Task instructions: Return each line of the data below verbatim; pictures are to be left out.

+ + +

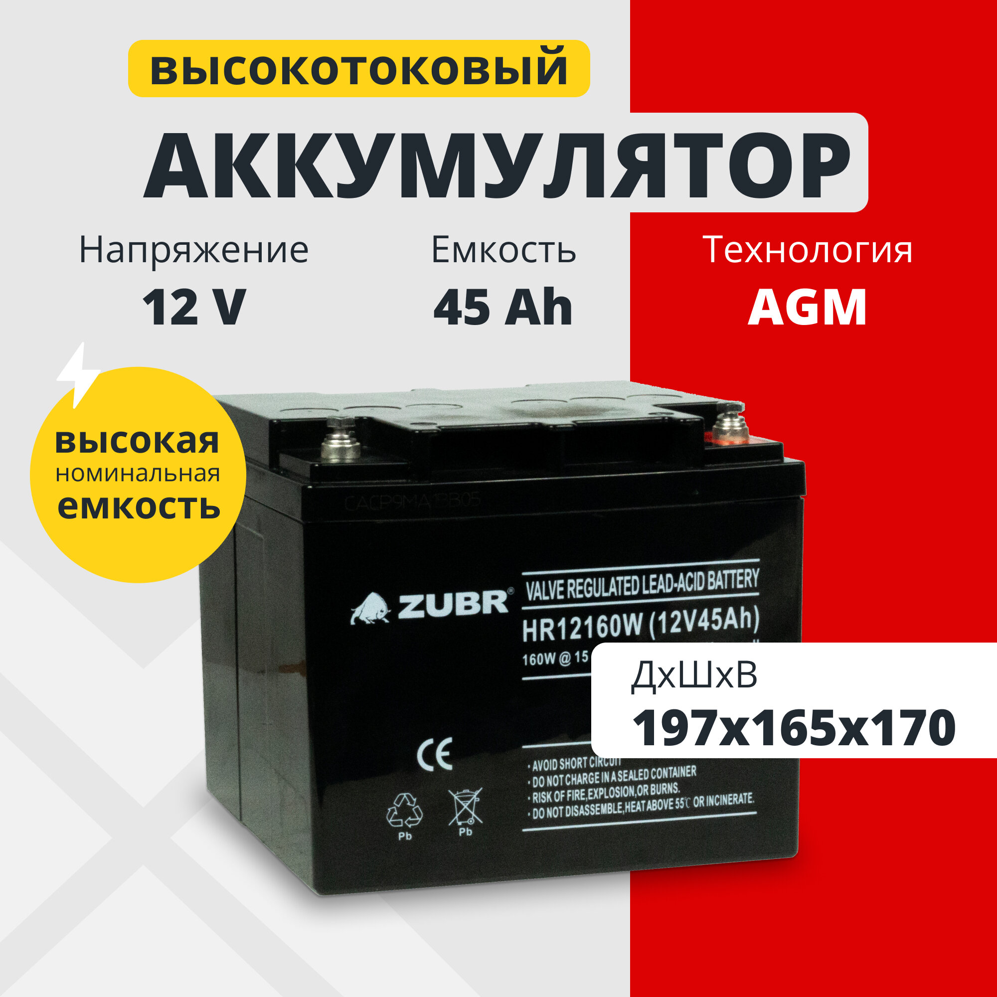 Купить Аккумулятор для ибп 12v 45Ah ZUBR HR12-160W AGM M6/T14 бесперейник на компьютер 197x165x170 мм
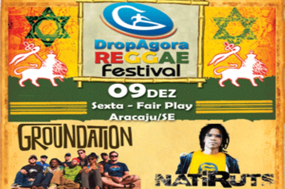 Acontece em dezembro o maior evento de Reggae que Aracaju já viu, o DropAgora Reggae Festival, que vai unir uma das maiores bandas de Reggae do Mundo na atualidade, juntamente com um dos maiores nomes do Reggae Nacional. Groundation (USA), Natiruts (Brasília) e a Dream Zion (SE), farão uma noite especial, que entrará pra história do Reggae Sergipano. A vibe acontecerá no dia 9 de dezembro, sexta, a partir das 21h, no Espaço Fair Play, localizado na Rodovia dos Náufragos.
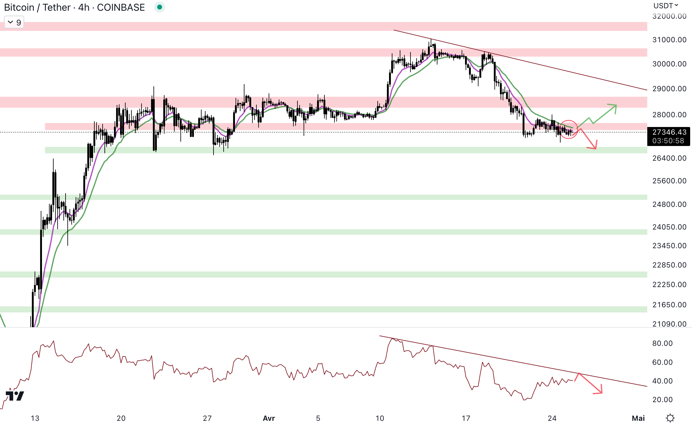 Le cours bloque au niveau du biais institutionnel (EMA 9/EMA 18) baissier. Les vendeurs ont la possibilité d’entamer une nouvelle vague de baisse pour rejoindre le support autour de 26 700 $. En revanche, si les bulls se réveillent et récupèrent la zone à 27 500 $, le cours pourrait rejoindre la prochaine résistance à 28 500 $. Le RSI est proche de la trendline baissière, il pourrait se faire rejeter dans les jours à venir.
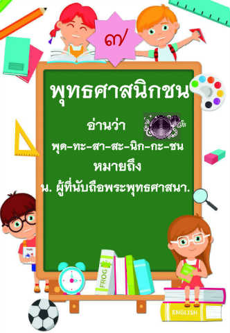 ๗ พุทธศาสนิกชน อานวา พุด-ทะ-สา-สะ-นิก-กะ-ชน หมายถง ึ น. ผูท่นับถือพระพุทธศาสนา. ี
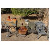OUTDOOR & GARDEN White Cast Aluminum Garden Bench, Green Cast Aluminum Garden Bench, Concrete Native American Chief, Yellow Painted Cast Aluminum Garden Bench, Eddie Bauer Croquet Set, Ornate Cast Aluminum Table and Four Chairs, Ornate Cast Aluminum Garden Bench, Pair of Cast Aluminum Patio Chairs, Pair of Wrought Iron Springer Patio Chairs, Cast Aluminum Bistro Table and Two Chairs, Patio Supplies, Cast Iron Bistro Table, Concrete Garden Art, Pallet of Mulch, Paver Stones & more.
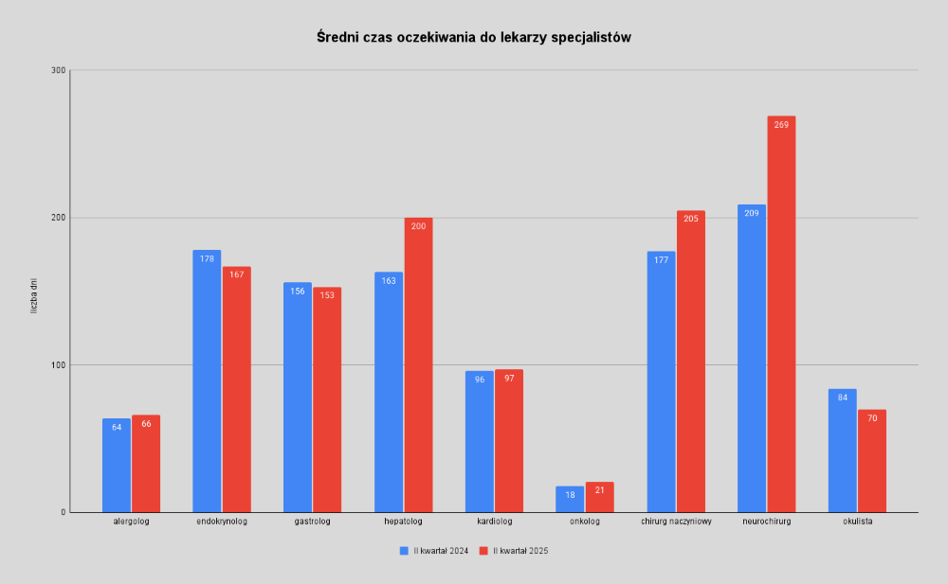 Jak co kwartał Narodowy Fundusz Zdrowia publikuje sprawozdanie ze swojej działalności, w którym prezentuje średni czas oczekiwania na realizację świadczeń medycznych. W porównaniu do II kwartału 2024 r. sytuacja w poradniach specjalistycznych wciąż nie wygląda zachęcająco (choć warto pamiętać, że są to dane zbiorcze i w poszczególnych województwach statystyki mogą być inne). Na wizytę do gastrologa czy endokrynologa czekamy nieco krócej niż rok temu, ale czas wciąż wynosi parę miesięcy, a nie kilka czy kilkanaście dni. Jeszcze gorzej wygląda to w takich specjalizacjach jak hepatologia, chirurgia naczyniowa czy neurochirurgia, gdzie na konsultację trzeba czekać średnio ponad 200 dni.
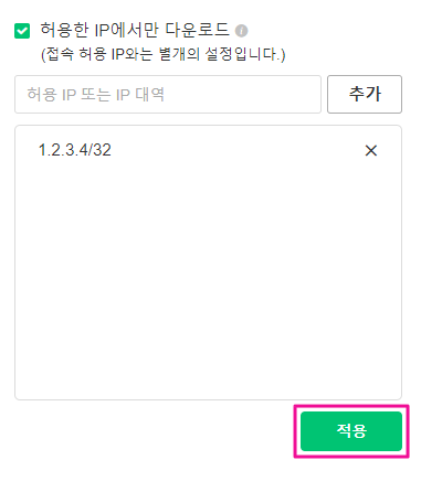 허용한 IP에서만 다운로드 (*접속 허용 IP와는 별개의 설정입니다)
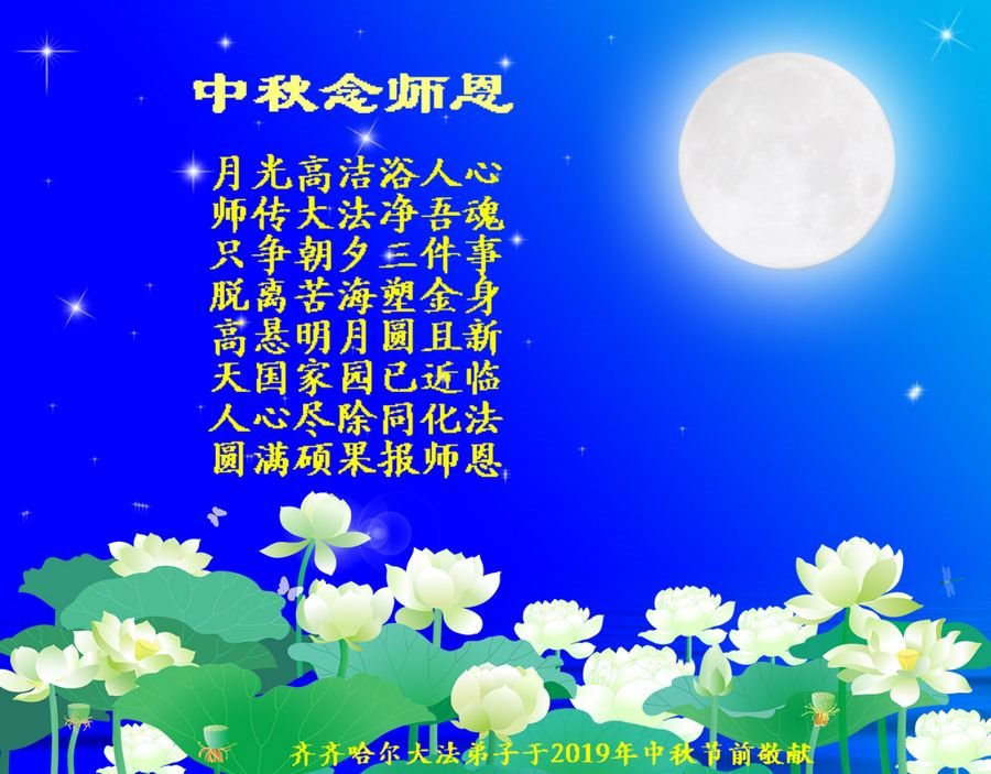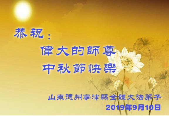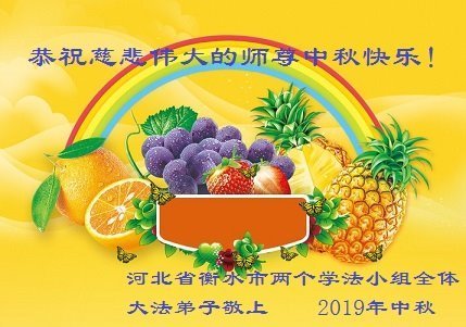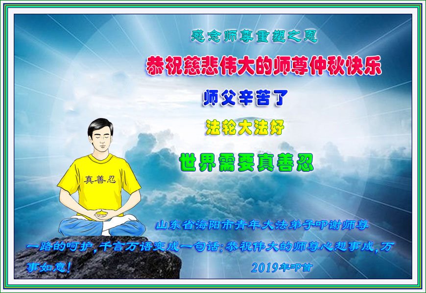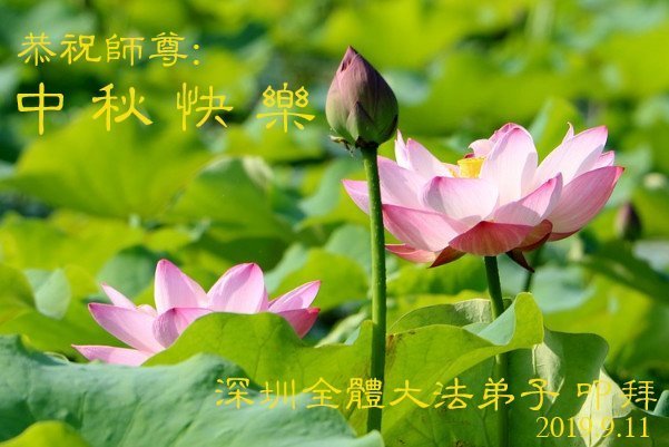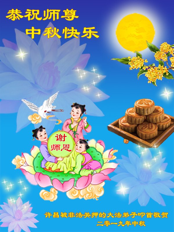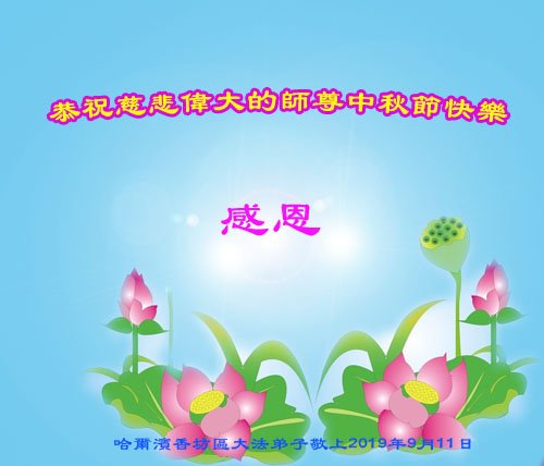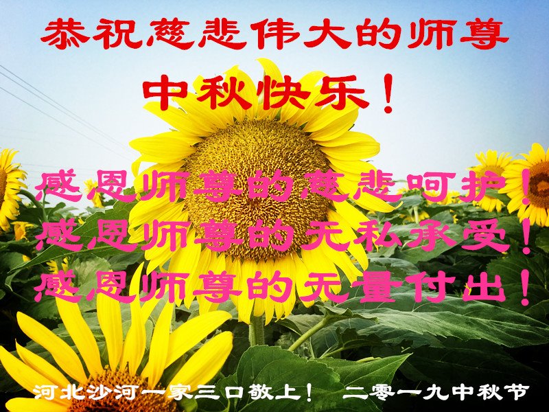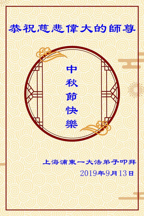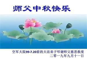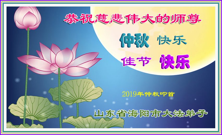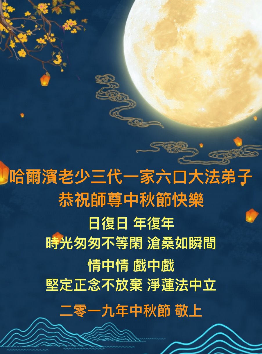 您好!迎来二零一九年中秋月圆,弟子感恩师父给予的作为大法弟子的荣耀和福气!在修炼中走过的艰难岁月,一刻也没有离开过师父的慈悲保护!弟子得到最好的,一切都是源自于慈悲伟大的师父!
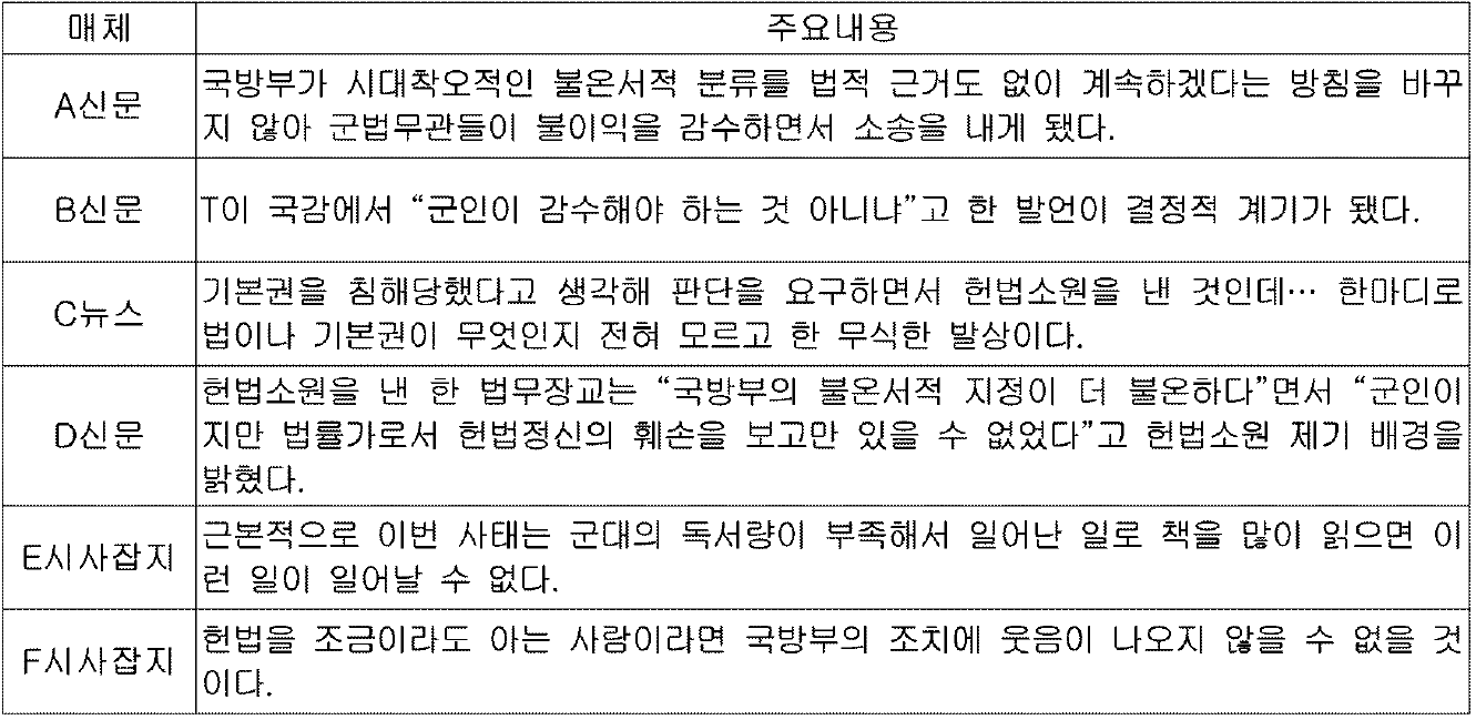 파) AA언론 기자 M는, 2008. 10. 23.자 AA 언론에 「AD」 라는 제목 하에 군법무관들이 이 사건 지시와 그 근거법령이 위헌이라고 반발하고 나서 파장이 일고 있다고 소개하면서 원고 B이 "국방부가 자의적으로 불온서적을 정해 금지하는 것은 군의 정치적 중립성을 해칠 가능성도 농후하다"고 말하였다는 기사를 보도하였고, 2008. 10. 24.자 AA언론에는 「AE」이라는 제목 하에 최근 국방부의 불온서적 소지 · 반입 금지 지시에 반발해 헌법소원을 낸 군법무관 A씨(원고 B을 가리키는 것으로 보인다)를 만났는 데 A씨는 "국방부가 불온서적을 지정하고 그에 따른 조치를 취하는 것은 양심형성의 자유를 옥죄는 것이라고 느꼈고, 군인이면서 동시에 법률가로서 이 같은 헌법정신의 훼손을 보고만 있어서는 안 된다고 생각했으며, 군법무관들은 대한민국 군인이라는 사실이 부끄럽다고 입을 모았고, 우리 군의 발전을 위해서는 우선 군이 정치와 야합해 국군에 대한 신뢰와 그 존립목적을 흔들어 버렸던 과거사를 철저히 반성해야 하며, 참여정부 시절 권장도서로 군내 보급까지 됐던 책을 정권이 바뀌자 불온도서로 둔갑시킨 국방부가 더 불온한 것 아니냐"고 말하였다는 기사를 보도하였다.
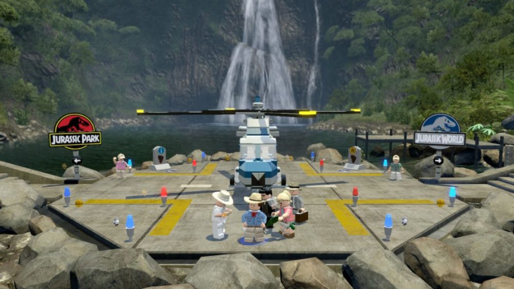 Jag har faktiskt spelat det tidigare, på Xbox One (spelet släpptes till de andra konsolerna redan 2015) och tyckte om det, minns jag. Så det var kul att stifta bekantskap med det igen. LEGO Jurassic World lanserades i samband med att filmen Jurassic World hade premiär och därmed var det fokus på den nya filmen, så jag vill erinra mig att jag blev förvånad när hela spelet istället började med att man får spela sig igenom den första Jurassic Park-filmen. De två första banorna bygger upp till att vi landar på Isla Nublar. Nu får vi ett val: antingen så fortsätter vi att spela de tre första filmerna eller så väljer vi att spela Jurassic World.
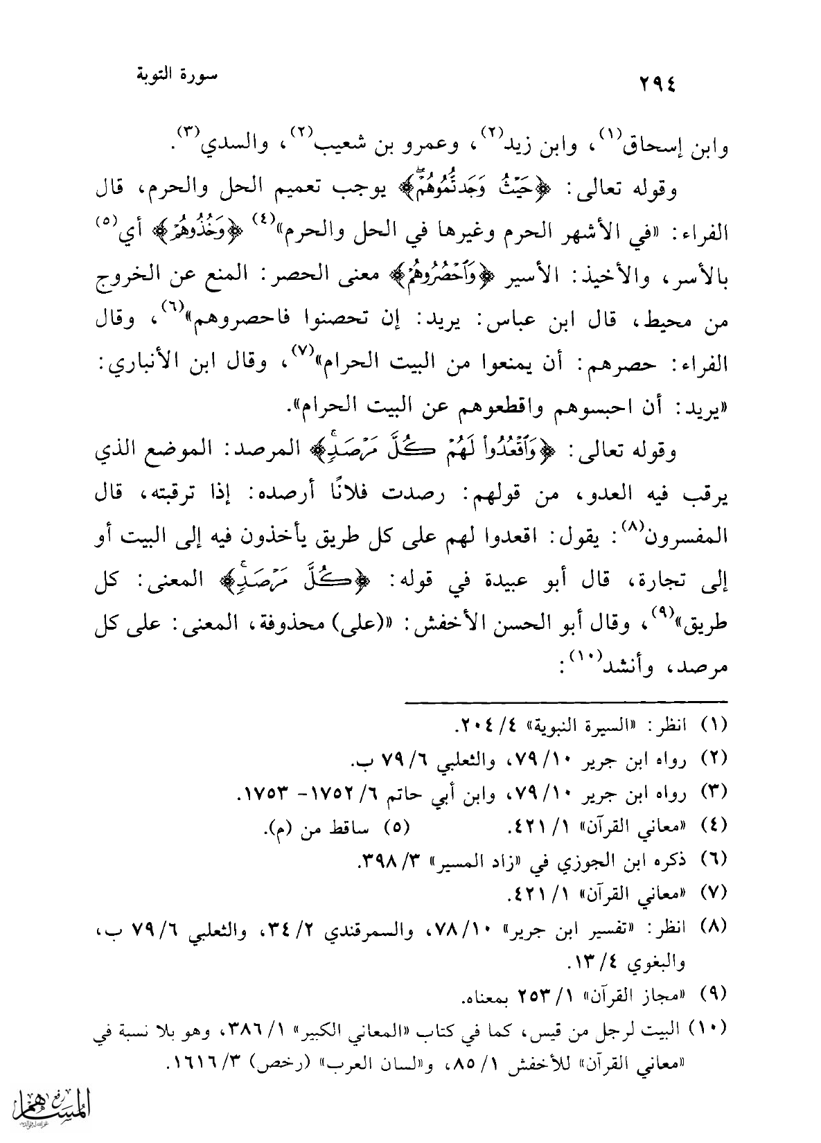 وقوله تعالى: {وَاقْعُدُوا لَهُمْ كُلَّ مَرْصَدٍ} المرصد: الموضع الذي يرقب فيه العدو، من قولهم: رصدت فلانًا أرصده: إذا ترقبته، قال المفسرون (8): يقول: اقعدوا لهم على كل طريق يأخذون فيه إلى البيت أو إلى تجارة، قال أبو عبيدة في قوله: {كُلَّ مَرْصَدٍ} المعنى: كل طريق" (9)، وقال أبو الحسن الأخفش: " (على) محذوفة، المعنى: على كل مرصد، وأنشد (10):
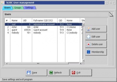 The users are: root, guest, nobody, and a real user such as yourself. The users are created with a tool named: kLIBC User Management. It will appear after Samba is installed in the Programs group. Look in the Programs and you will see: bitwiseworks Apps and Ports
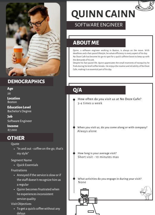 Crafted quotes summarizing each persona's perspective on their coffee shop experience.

+ + +

Answer to this problem:
 Купить Аккумулятор для ибп 12v 45Ah ZUBR HR12-160W AGM M6/T14 бесперейник на компьютер 197x165x170 мм
 Acontece em dezembro o maior evento de Reggae que Aracaju já viu, o DropAgora Reggae Festival, que vai unir uma das maiores bandas de Reggae do Mundo na atualidade, juntamente com um dos maiores nomes do Reggae Nacional. Groundation (USA), Natiruts (Brasília) e a Dream Zion (SE), farão uma noite especial, que entrará pra história do Reggae Sergipano. A vibe acontecerá no dia 9 de dezembro, sexta, a partir das 21h, no Espaço Fair Play, localizado na Rodovia dos Náufragos.
 Le cours bloque au niveau du biais institutionnel (EMA 9/EMA 18) baissier. Les vendeurs ont la possibilité d’entamer une nouvelle vague de baisse pour rejoindre le support autour de 26 700 $. En revanche, si les bulls se réveillent et récupèrent la zone à 27 500 $, le cours pourrait rejoindre la prochaine résistance à 28 500 $. Le RSI est proche de la trendline baissière, il pourrait se faire rejeter dans les jours à venir.
 ๗ พุทธศาสนิกชน อานวา พุด-ทะ-สา-สะ-นิก-กะ-ชน หมายถง ึ น. ผูท่นับถือพระพุทธศาสนา. ี
OUTDOOR & GARDEN White Cast Aluminum Garden Bench, Green Cast Aluminum Garden Bench, Concrete Native American Chief, Yellow Painted Cast Aluminum Garden Bench, Eddie Bauer Croquet Set, Ornate Cast Aluminum Table and Four Chairs, Ornate Cast Aluminum Garden Bench, Pair of Cast Aluminum Patio Chairs, Pair of Wrought Iron Springer Patio Chairs, Cast Aluminum Bistro Table and Two Chairs, Patio Supplies, Cast Iron Bistro Table, Concrete Garden Art, Pallet of Mulch, Paver Stones & more.
 Jak co kwartał Narodowy Fundusz Zdrowia publikuje sprawozdanie ze swojej działalności, w którym prezentuje średni czas oczekiwania na realizację świadczeń medycznych. W porównaniu do II kwartału 2024 r. sytuacja w poradniach specjalistycznych wciąż nie wygląda zachęcająco (choć warto pamiętać, że są to dane zbiorcze i w poszczególnych województwach statystyki mogą być inne). Na wizytę do gastrologa czy endokrynologa czekamy nieco krócej niż rok temu, ale czas wciąż wynosi parę miesięcy, a nie kilka czy kilkanaście dni. Jeszcze gorzej wygląda to w takich specjalizacjach jak hepatologia, chirurgia naczyniowa czy neurochirurgia, gdzie na konsultację trzeba czekać średnio ponad 200 dni.
 허용한 IP에서만 다운로드 (*접속 허용 IP와는 별개의 설정입니다)
 您好!迎来二零一九年中秋月圆,弟子感恩师父给予的作为大法弟子的荣耀和福气!在修炼中走过的艰难岁月,一刻也没有离开过师父的慈悲保护!弟子得到最好的,一切都是源自于慈悲伟大的师父!
 파) AA언론 기자 M는, 2008. 10. 23.자 AA 언론에 「AD」 라는 제목 하에 군법무관들이 이 사건 지시와 그 근거법령이 위헌이라고 반발하고 나서 파장이 일고 있다고 소개하면서 원고 B이 "국방부가 자의적으로 불온서적을 정해 금지하는 것은 군의 정치적 중립성을 해칠 가능성도 농후하다"고 말하였다는 기사를 보도하였고, 2008. 10. 24.자 AA언론에는 「AE」이라는 제목 하에 최근 국방부의 불온서적 소지 · 반입 금지 지시에 반발해 헌법소원을 낸 군법무관 A씨(원고 B을 가리키는 것으로 보인다)를 만났는 데 A씨는 "국방부가 불온서적을 지정하고 그에 따른 조치를 취하는 것은 양심형성의 자유를 옥죄는 것이라고 느꼈고, 군인이면서 동시에 법률가로서 이 같은 헌법정신의 훼손을 보고만 있어서는 안 된다고 생각했으며, 군법무관들은 대한민국 군인이라는 사실이 부끄럽다고 입을 모았고, 우리 군의 발전을 위해서는 우선 군이 정치와 야합해 국군에 대한 신뢰와 그 존립목적을 흔들어 버렸던 과거사를 철저히 반성해야 하며, 참여정부 시절 권장도서로 군내 보급까지 됐던 책을 정권이 바뀌자 불온도서로 둔갑시킨 국방부가 더 불온한 것 아니냐"고 말하였다는 기사를 보도하였다.
 Jag har faktiskt spelat det tidigare, på Xbox One (spelet släpptes till de andra konsolerna redan 2015) och tyckte om det, minns jag. Så det var kul att stifta bekantskap med det igen. LEGO Jurassic World lanserades i samband med att filmen Jurassic World hade premiär och därmed var det fokus på den nya filmen, så jag vill erinra mig att jag blev förvånad när hela spelet istället började med att man får spela sig igenom den första Jurassic Park-filmen. De två första banorna bygger upp till att vi landar på Isla Nublar. Nu får vi ett val: antingen så fortsätter vi att spela de tre första filmerna eller så väljer vi att spela Jurassic World.
 وقوله تعالى: {وَاقْعُدُوا لَهُمْ كُلَّ مَرْصَدٍ} المرصد: الموضع الذي يرقب فيه العدو، من قولهم: رصدت فلانًا أرصده: إذا ترقبته، قال المفسرون (8): يقول: اقعدوا لهم على كل طريق يأخذون فيه إلى البيت أو إلى تجارة، قال أبو عبيدة في قوله: {كُلَّ مَرْصَدٍ} المعنى: كل طريق" (9)، وقال أبو الحسن الأخفش: " (على) محذوفة، المعنى: على كل مرصد، وأنشد (10):
 The users are: root, guest, nobody, and a real user such as yourself. The users are created with a tool named: kLIBC User Management. It will appear after Samba is installed in the Programs group. Look in the Programs and you will see: bitwiseworks Apps and Ports
 Crafted quotes summarizing each persona's perspective on their coffee shop experience.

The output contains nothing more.